The city must do something, and it needs the support of its citizens to make it happen. The Police Department must be funded. If it crumbles and crime rates begin rising, that doesn’t bode well for long-term property values, which means even less tax revenue.

The City Council can probably find ways to cut the police budget prior to hitting personnel, but it won’t be enough. The council will have to step outside the usual budget box and start lobbying for meaningful changes in the way we do things here to fund our cops.

To help protect police funding, the City Council needs to look at forming a police district, much like the creation of the Sweet Home Fire and Ambulance District. The permanent rate funding enjoyed by a district is last on the list for the compression effect of property tax limitations.

Right now, the police levy, like all temporary local option levies, is first to be reduced when property tax limits are reached. Police funding should be last to be hit.

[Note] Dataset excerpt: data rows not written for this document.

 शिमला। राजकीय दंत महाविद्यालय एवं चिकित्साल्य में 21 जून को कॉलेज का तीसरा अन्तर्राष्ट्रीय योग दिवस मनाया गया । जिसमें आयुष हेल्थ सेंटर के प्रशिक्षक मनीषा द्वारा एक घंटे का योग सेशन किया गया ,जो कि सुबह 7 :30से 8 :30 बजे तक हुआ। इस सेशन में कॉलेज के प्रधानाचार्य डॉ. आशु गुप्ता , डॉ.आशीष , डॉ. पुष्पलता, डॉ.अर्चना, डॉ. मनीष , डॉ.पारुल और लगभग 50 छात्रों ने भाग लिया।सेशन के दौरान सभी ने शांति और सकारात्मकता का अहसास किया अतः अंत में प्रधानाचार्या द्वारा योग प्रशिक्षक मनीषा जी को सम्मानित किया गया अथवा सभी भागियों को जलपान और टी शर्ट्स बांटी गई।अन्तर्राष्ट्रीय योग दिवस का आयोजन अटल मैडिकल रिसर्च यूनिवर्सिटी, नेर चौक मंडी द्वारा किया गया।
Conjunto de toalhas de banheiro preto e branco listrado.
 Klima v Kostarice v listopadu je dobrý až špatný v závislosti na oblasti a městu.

Compression will still exist if a police district were formed, but the department would shed substantial amounts of compression, which would be soaked up by the Linn County Law Levy and the library levy and then shared among the permanent rates.

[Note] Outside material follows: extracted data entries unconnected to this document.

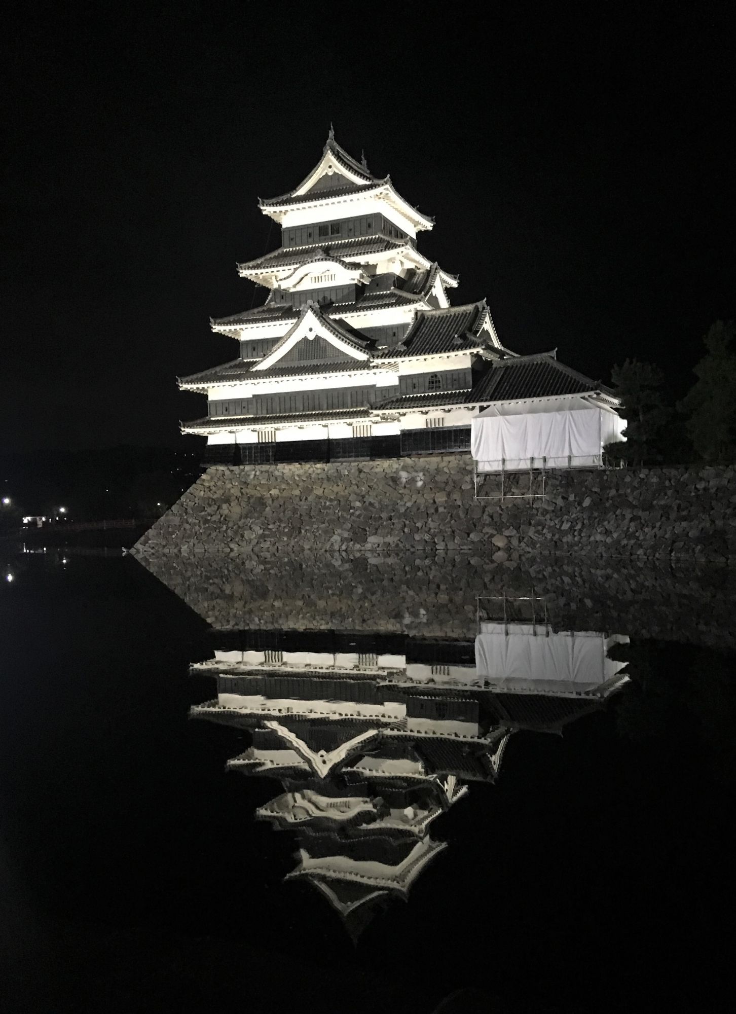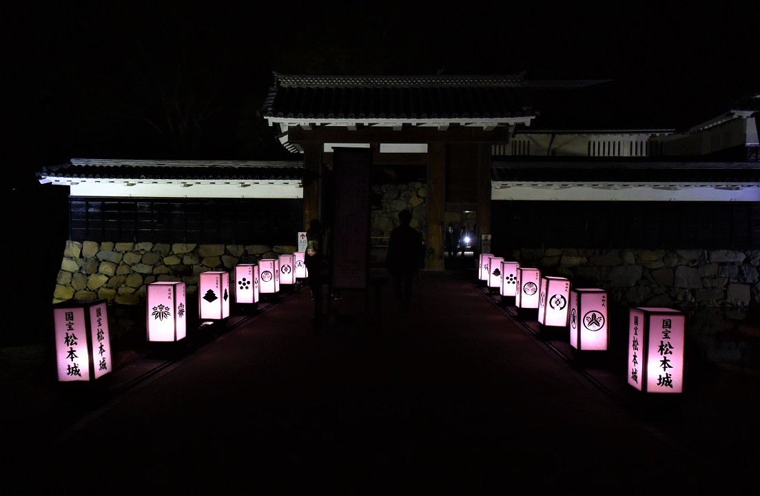 Auch im Dunkeln ist die Matsumoto Burg einen Besuch wert. Von Sonnenuntergang bis 22 Uhr (wochentags bis 21 Uhr) wird der Burgturm das ganze Jahr über beleuchtet und legt einen ganz eigenen Zauber auf die an sich schon imposante Burg.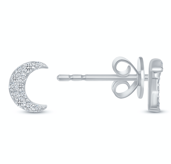 Crescent Moon Diamond Stud Earrings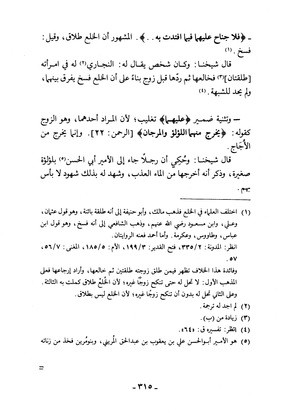 - (فَلَا جُنَاحَ عَلَيْهِمَا فِيمَا افْتَدَتْ بِهِ. .). المشهور أن الخلع طلاق، وقيل: فسخ.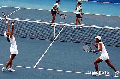 李婷/孫甜甜今晚在雅典創(chuàng)造了中國網(wǎng)球界的新紀(jì)錄,她們二人在奧運(yùn)會(huì)網(wǎng)球女雙半決賽中耗時(shí)二小時(shí)十一分,以二比一(六比二、二比六,九比七)戰(zhàn)勝阿根廷組合蘇亞雷茲/塔拉比尼闖入決賽。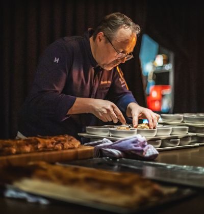 Bis zu 200 Gäste können zeitgleich bewirtet werden. Da das Menü für alle gleichzeitig beginnt, ist eine große Zahl an Servicemitarbeitern erforderlich. „Die Größe eignet sich aber ideal für Firmenevents, was für uns sehr wichtig ist“, betont Schmidt, einer der vier Geschäftsführer der Bliss-Gastronomiegruppe hinter der Stories Pop-Up-Kitchen. Er rechnet auch in diesem Jahr wieder mit zahlreichen Firmenveranstaltungen. „Ein Restaurant dieser Art gibt es schließlich in Heidelberg nicht.“ Der Aufwand dafür aber ist immens. Im Erdgeschoss des Gebäudes, das inzwischen der Kraus Immobiliengruppe gehört, wurden über acht Wochen lang neue Teppiche verlegt, Vorhänge und Möbel ab- und aufgebaut sowie neue Kabel und Lampen angebracht.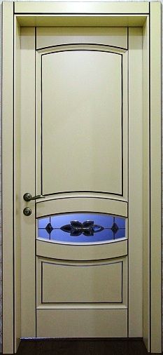 Дополнительной роскоши этим дверям придаёт авторское стекло и нестандартаня фурнитура с оттенками бронзы или старой меди.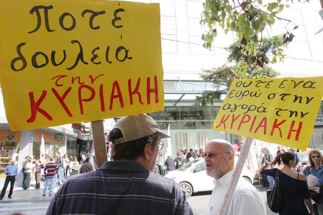 Η τονίζει πως εναντιώνεται στην απόφαση της κυβέρνησης και των δανειστών να λειτουργούν τα εμπορικά καταστήματα τουλάχιστον 30 Κυριακές το χρόνο σε τουριστικές περιοχές με ξενοδοχειακές μονάδες που στο σύνολό τους αριθμούν περισσότερο από 2.000 κλίνες.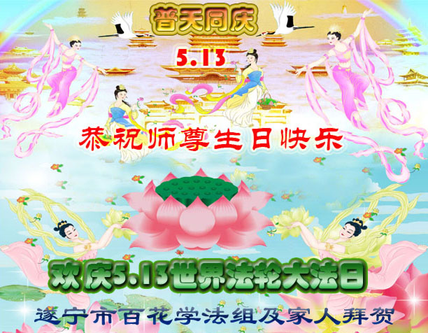 四川省遂宁百花学法组大法弟子及家人恭祝慈悲伟大的师尊生日快乐!普天同庆5.13世界法轮大法日!

Soaking the Linn County local option levy seems reasonable since city residents do not receive patrol services from the Sheriff’s Office, despite decades of paying for them. Other cities must contract for patrol services in addition to the taxes they pay to fund patrol services.

That leads to an alternative the City Council should consider pursuing. Do what it takes to develop a split rate for the Sheriff’s Office. This option solves a problem for the Sheriff’s Office, which is feeling similar effects of compression, and the Police Department. The Sheriff’s levy is compressed most inside the city. If patrol services were removed from city residents’ portion of the levy and the taxes increased proportionately on the county properties that do receive the benefit of Sheriff’s patrols, it would decompress city and county revenues in addition to ending an ongoing subsidy of city residents for services that benefit rural residents.

A similar option has already been created in Deschutes County, which fell victim to the same 1997 Measure 50 effect as Linn County and Sweet Home. It’s doable, and the details can easily be calculated. The City Council should ask the county to do this for the benefit of both law enforcement agencies. It has the added benefit of being the only option that would benefit the library as opposed to causing more problems for that fund.

A third option is to ask voters for another local option levy for the Police Department. It could be called the Compression Adjustment Levy. It would last for the remainder of the existing Police Department levy.

The amount would have to be high enough to shift funds from other local option levies, increasing the compression effect and revenue shortfalls on those levies instead. Unfortunately, it would likely raise taxes on any property that may not be in compression now. Sweet Home voters might go for it if they understood that generally, it would merely shift tax revenue around and not actually raise taxes.

The city also needs to abandon this notion that the Police Department must at all times be supported entirely within its own local option levy. Police services are the single most important tax-funded service our city provides. They should be treated like it, and if necessary, transfers made to cover the cost of the operation.

This notion started in the late 1990s, but it is pointless. City taxes and revenues are just that to us – city taxes and revenues – no matter which particular tax rate supplies them.

While we strongly support saving for capital projects, like a new City Hall, over time, the city could use the money it has set aside to cover this emergency for the yer while looking for a sustainable long-term solution.

The council and staff may have more ideas, but our second option is probably the best for everyone, and it could probably be implemented along with other more in-the-box ideas.

It’s time for the city to stand up and ask the county to join it in creating a split tax rate for county law enforcement. It won’t end compression, but it may return it to levels that allow our Police Department to function and perhaps even pay our police officers a more competitive wage.